Pourtant, la récente étude de l’association Via Seva en partenariat avec l’Ademe révèle qu’un tiers des répondants ne sait pas dire le montant de sa facture. Encore plus étonnant, presque un sondé sur deux n’a pas conscience de l’augmentation des prix de l’énergie (malgré une hausse de 12% entre août 2010 et août 2011 selon l’Insee). Ces chiffres sont d’autant plus surprenant que les familles en précarité énergétique ne cessent d’augmenter. Il semble légitime de se poser la question d’une France à deux vitesses. Celle qui règle son énergie quel que soit le prix et la France de ceux qui sont subventionnés par l’Etat. La classe moyenne est-elle en train de disparaître ou devient -elle muette, sans opinion, fataliste? Pour ceux qui n’ont pas encore d’avis, voici un petit graphe qui montre la progression du tarif des énergies ces dernières années d’après le ministère (FOD: fioul domestique).

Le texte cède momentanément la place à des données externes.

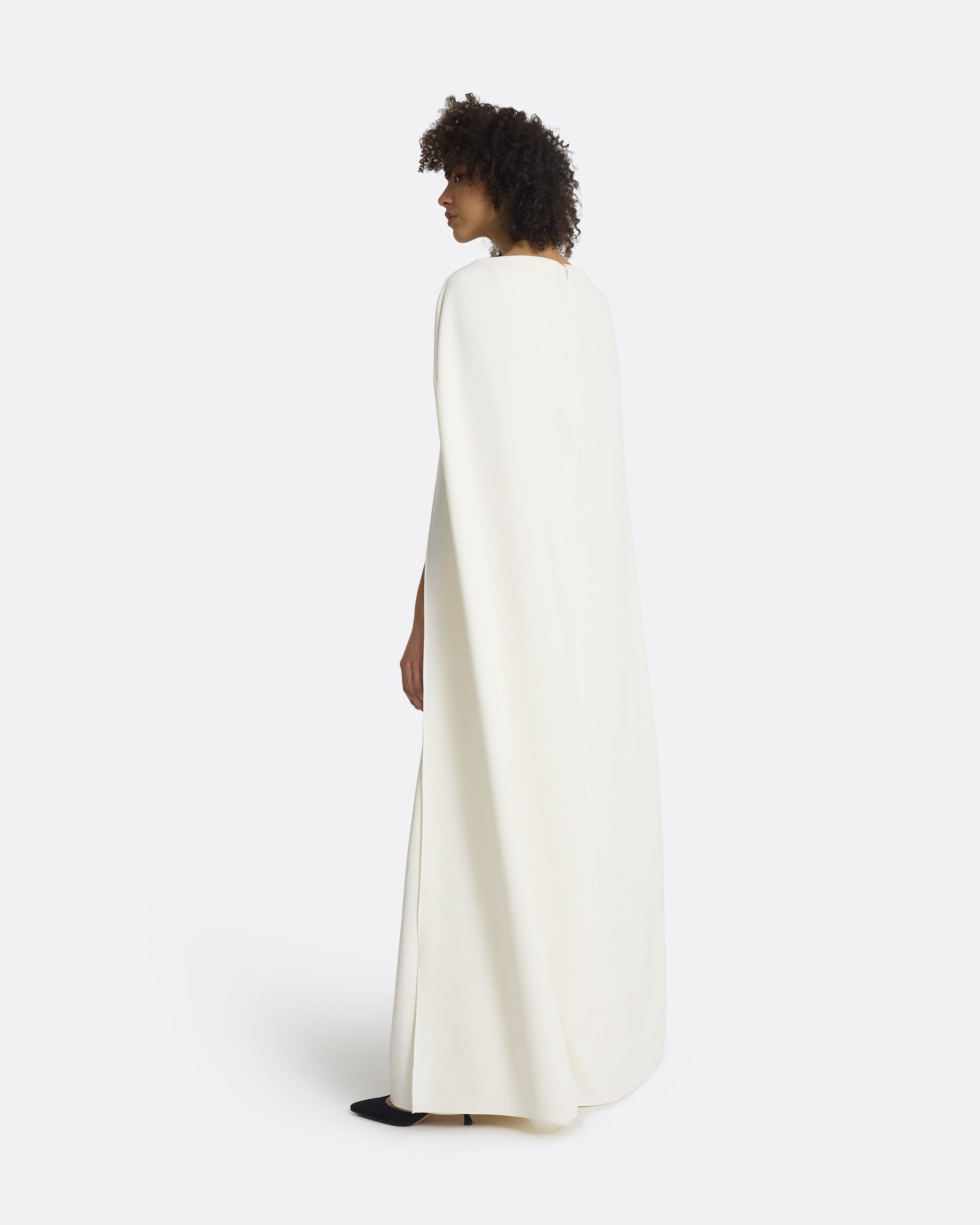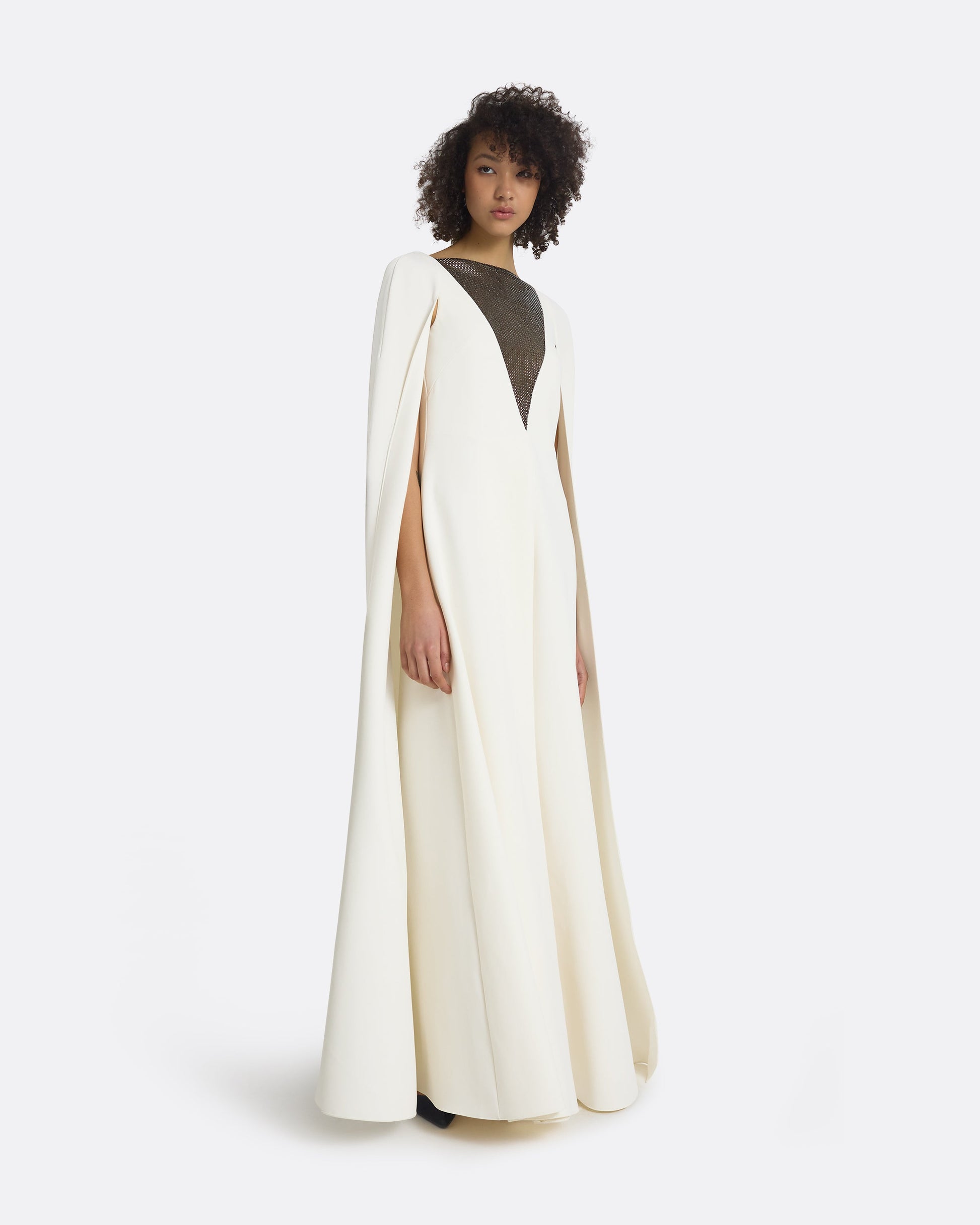 Floor length gown with wide skirt, deep box pleat and caped back in ivory Heavy Crepe with gunmetal Crystal Tulle embroidery.
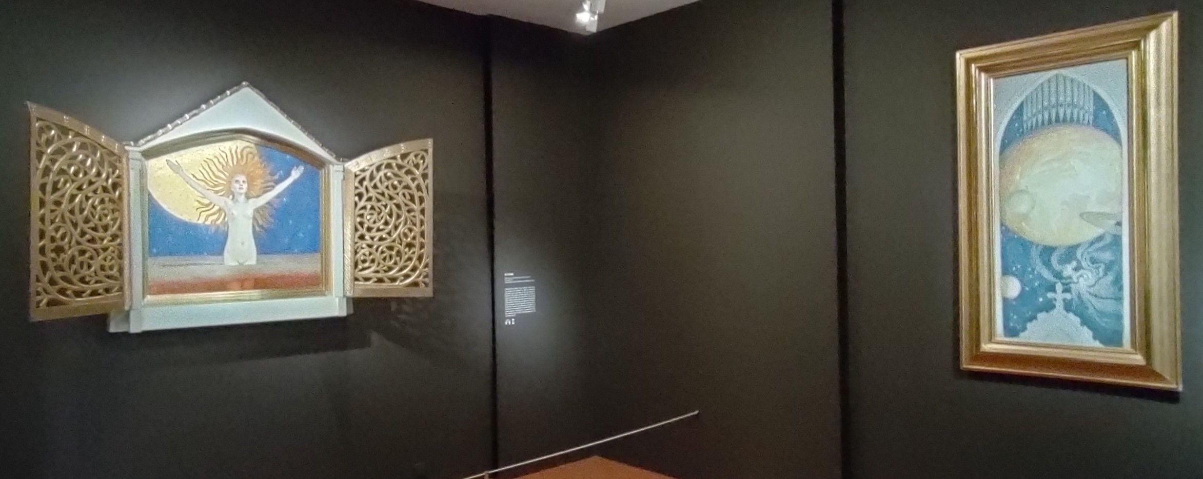 La projection de figures extatiques dans un espace cosmique s’appuie tant sur des observations scientifiques que sur des conceptions ésotériques répandues à l’époque. La théorie de l’Harmonie des sphères de Ptolémée, réinterprétée à l’aune du bouddhisme, suscite la vision d’un orgue céleste diffusant une musique dans l’espace. La réincarnation de l’âme s’opère quant à elle au travers d’une traversée de l’espace vers un astre lumineux.
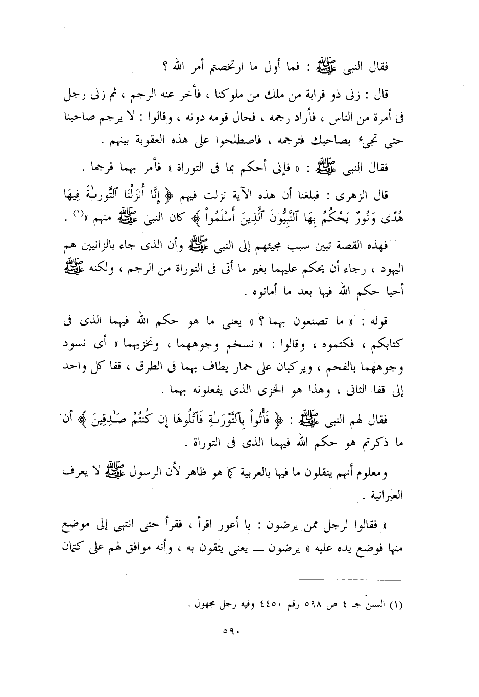 ومعلوم أنهم ينقلون ما فيها بالعربية كما هو ظاهر؛ لأن الرسول – صلى الله عليه وسلم – لا يعرف العبرانية.
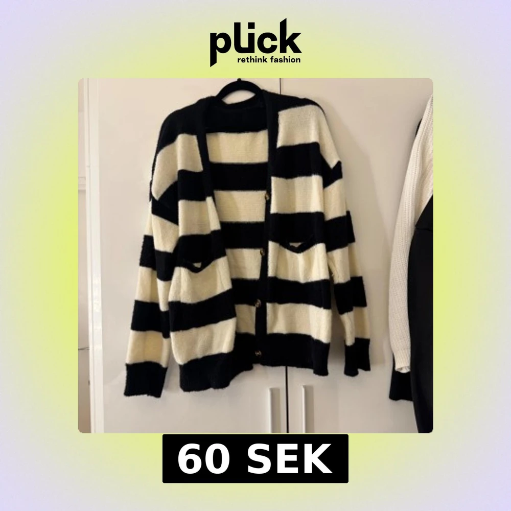 Mysig kofta med breda svarta och vita ränder. Den har knappar framtill, två fickor och är stickad i ett mjukt material.
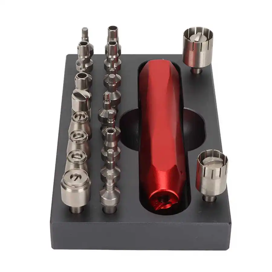 2. Ручка и основание: Этот Съемник Заводной трубки часов оснащен нескользящей красной ручкой и основанием, более удобными в эксплуатации.

La géothermie pourrait devenir la solution urbaine avant le solaire

Conscients que le chauffage de demain cochera nécessairement la case de l’indépendance énergétique, 40 %  des sondés imaginent au moins trois énergies pour alimenter leur chauffage. Le graphe ci-dessous montre que près de 55% des personnes interrogées déclarent un intérêt pour le réseau de chaleur et 31% le voient même comme un mode de chauffage d’avenir.

La majorité des sondés plebiscite le chauffage collectif sans savoir pour autant peser dans la négociation des contrats d’exploitation avec les énergéticiens. La préférence se confirme dans les réseaux de chaleur par rapport à la chaudière commune d’un immeuble. Mais les consommateurs soucieux de payer l’énergie au meilleur marché optent le plus souvent pour une maîtrise individuelle du réglage de la température et de leur consommation réelle.

S’il est vrai que le choix pour les énergies renouvelables continue de progresser malgré une diminution des aides de l’Etat, l’un des enjeux de la facture énergétique se cache dans l’avantage collectif. C’est pourquoi les réseaux de chaleur s’inscrivent dans un avenir proche, ce que nous avons déjà souligné dans cet article.  Il faut savoir que les pays nordiques exploitent les réseaux de chaleur pour 50% de leurs besoins thermiques, contre 6% de la population française ! Il reste de la marge.

Si vous connaissez les réseaux de chaleur, quels avantages y trouvez-vous ?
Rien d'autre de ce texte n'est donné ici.